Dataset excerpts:
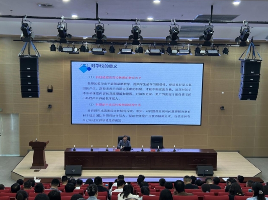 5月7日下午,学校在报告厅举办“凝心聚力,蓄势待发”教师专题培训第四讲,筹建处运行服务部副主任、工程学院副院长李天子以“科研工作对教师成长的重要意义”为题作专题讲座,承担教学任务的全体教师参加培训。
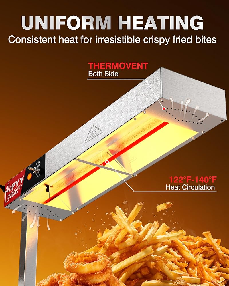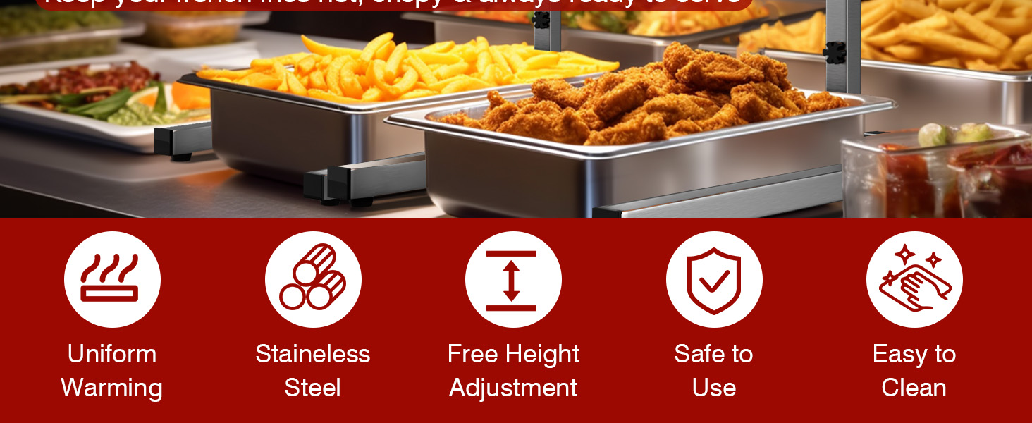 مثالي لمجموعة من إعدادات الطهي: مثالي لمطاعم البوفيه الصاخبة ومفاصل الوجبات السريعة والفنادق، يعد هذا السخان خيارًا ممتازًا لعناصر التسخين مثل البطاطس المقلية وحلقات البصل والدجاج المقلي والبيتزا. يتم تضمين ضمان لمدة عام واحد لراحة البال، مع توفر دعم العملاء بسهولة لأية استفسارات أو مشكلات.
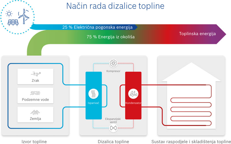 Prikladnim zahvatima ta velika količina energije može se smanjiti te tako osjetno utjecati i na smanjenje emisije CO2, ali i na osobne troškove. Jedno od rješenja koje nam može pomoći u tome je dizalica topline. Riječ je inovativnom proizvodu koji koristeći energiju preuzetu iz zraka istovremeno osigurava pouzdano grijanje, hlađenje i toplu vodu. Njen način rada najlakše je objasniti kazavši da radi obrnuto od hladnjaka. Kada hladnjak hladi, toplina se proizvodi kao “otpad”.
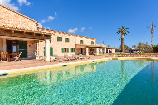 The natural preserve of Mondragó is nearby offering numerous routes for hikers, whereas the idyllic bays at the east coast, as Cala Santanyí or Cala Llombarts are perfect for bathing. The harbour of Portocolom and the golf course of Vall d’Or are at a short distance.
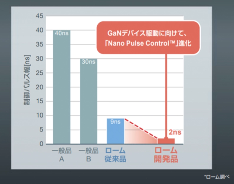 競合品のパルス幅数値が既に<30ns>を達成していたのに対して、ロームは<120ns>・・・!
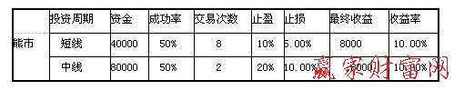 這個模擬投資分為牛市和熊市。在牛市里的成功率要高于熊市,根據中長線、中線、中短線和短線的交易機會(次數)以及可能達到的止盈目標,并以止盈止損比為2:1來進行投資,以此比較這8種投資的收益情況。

** Goal of the exercise **
The records above must be repeated exactly, minus their pictures.

** Problem solution **
 5月7日下午,学校在报告厅举办“凝心聚力,蓄势待发”教师专题培训第四讲,筹建处运行服务部副主任、工程学院副院长李天子以“科研工作对教师成长的重要意义”为题作专题讲座,承担教学任务的全体教师参加培训。
 مثالي لمجموعة من إعدادات الطهي: مثالي لمطاعم البوفيه الصاخبة ومفاصل الوجبات السريعة والفنادق، يعد هذا السخان خيارًا ممتازًا لعناصر التسخين مثل البطاطس المقلية وحلقات البصل والدجاج المقلي والبيتزا. يتم تضمين ضمان لمدة عام واحد لراحة البال، مع توفر دعم العملاء بسهولة لأية استفسارات أو مشكلات.
 Prikladnim zahvatima ta velika količina energije može se smanjiti te tako osjetno utjecati i na smanjenje emisije CO2, ali i na osobne troškove. Jedno od rješenja koje nam može pomoći u tome je dizalica topline. Riječ je inovativnom proizvodu koji koristeći energiju preuzetu iz zraka istovremeno osigurava pouzdano grijanje, hlađenje i toplu vodu. Njen način rada najlakše je objasniti kazavši da radi obrnuto od hladnjaka. Kada hladnjak hladi, toplina se proizvodi kao “otpad”.
 The natural preserve of Mondragó is nearby offering numerous routes for hikers, whereas the idyllic bays at the east coast, as Cala Santanyí or Cala Llombarts are perfect for bathing. The harbour of Portocolom and the golf course of Vall d’Or are at a short distance.
 競合品のパルス幅数値が既に<30ns>を達成していたのに対して、ロームは<120ns>・・・!
 這個模擬投資分為牛市和熊市。在牛市里的成功率要高于熊市,根據中長線、中線、中短線和短線的交易機會(次數)以及可能達到的止盈目標,并以止盈止損比為2:1來進行投資,以此比較這8種投資的收益情況。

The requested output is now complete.